Sir James Jay (1732–1815) was an American physician and politician. He was brother of John Jay, one of the Founding Fathers of the United States. While initially a supporter of American independence, he later changed his views becoming a Loyalist and went into exile in London after the Treaty of Paris recognised independence.

The Jays were a prominent merchant family in New York City, descended from Huguenots who had come to New York to escape religious persecution in France. In 1685 the Edict of Nantes had been revoked, thereby abolishing the rights of Protestants and confiscating their property. Among those affected was Jay's paternal grandfather, Augustus Jay. He moved from France to New York, where he built a successful merchant empire. Jay's father, Peter Jay, born in New York City in 1704, became a wealthy trader in furs, wheat, timber, and other commodities.

James Jay was born in New York City; later the family moved to Rye, New York, when Peter Jay retired from business following a smallpox epidemic that had blinded two of his children.
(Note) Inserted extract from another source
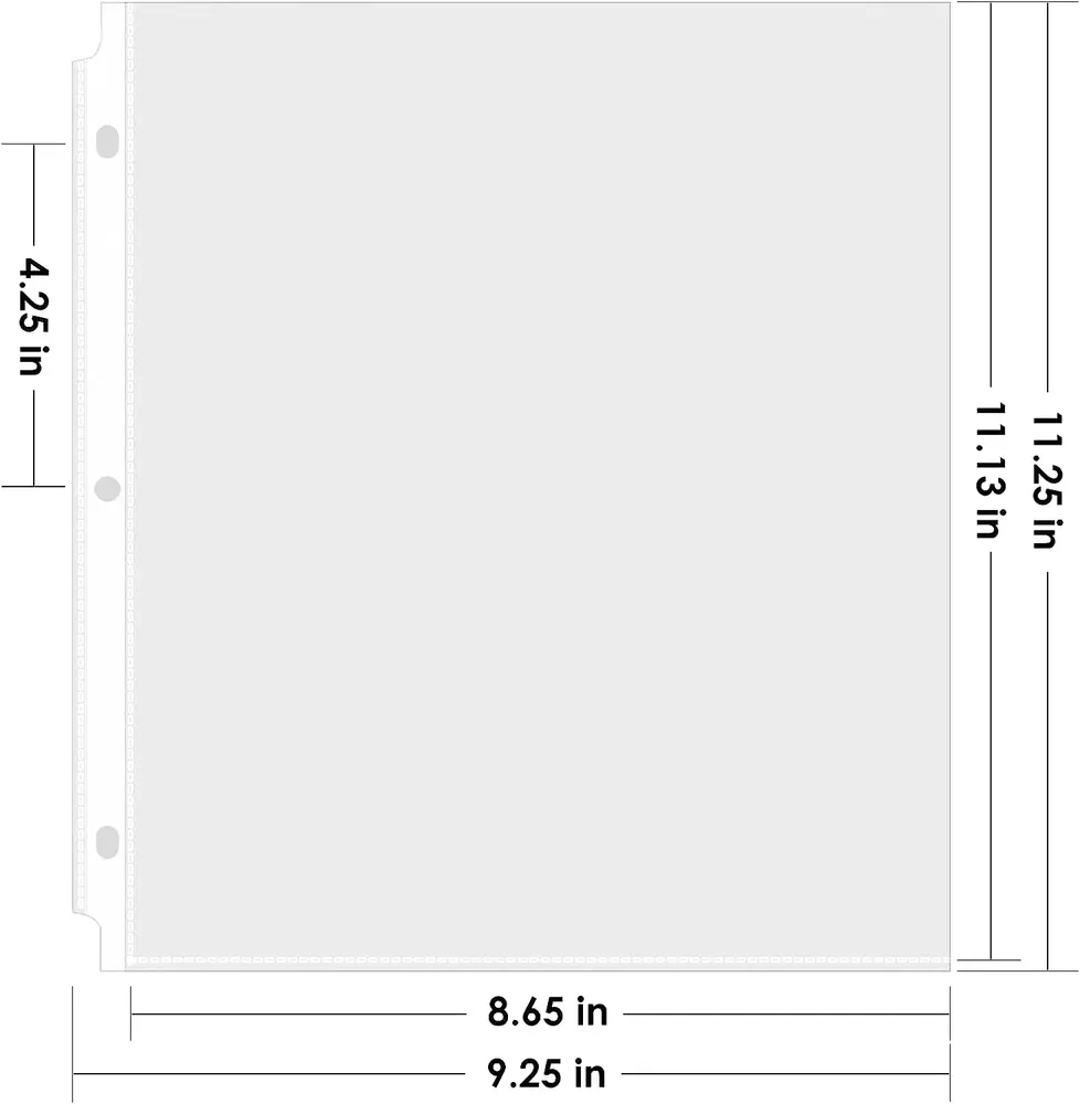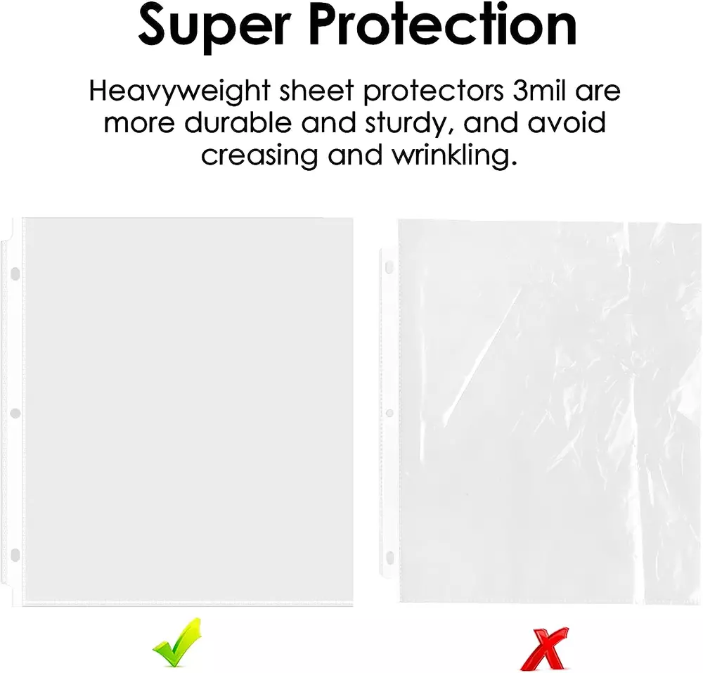 Heavyweight 3 Mil and Durable: Each sheet protector can hold 8.5 x 11 inches( letter size) sheet of paper, 3mil thickness, more durable than ordinary paper protectors. Top Loading: Easy top loading feature on clear sheet protectors provides a wider top opening, so paper is easy to slide in and take out. Transparent: Reinforced holes on the plastic sheets for three-ring binder, clear design offers complete transparency for easy viewing. Excellent Material: Made of high quality polypropylene, it is the excellent plastic paper sleeves for binders. Wide Application: Paper protector is ideal for keeping recipes, photos, important documents, certificates. Page protector keeps them from the wear and tear. Product Description KTRIO Clear Sheet Protector Series Add to Cart Add to Cart Add to Cart Add to Cart Add to Cart Add to Cart Add to Cart Customer Reviews 4.7 out of 5 stars 1,143 4.7 out of 5 stars 31,773 4.6 out of 5 stars 2,171 4.7 out of 5 stars 4,067 4.6 out of 5 stars 957 4.6 out of 5 stars 1,053 4.7 out of 5 stars 622 Price $5.99 $ 5 . 99 $5.99 $ 5 . 99 $5.64 $ 5 . 64 $12.88 $ 12 . 88 $25.99 $ 25 . 99 $5.49 $ 5 . 49 $6.99 $ 6 . 99 Features Storage photos, documents Storage photos, documents Non-glare, storage paper Storage photos, documents Storage photos, documents Classify documents Storage playbill, paper Color Clear Clear Clear Clear Clear Clear pocket & Colored tabs Clear Size 8.5 x 11 inch 8.5 x 11 inch 8.5 x 11 inch 8.5 x 11 inch 8.5 x 11 inch 8.5 x 11 inch 5.5 x 8.5 inch Material Durable PP Material Durable PP Material Durable PP Material Durable PP Material Durable PP Material Durable PP Material Durable PP Material Package 30 Pack 50 Pack 50 Pack 200 Pack 500 Pack 2 Sets 60 Pack

James' mother was Mary Van Cortlandt, who had married Peter Jay in 1728, in the Dutch Church. They had ten children together, seven of whom survived into adulthood. Mary's father, Jacobus Van Cortlandt, had been born in New Amsterdam in 1658. Cortlandt served on the New York Assembly, was twice mayor of New York City, and also held a variety of judicial and military offices. Two of his children (the other one being his son Frederick) married into the Jay family.

James Jay studied medicine, and became a practicing physician.

He was instrumental in obtaining the endowments for Benjamin Franklin's projected college (now the University of Pennsylvania) in Philadelphia (with William Smith, 1755) and King's (now Columbia) College, New York. For the purpose of soliciting contributions for the latter college, he visited England in 1762, where he was knighted by the king, George III, in 1763.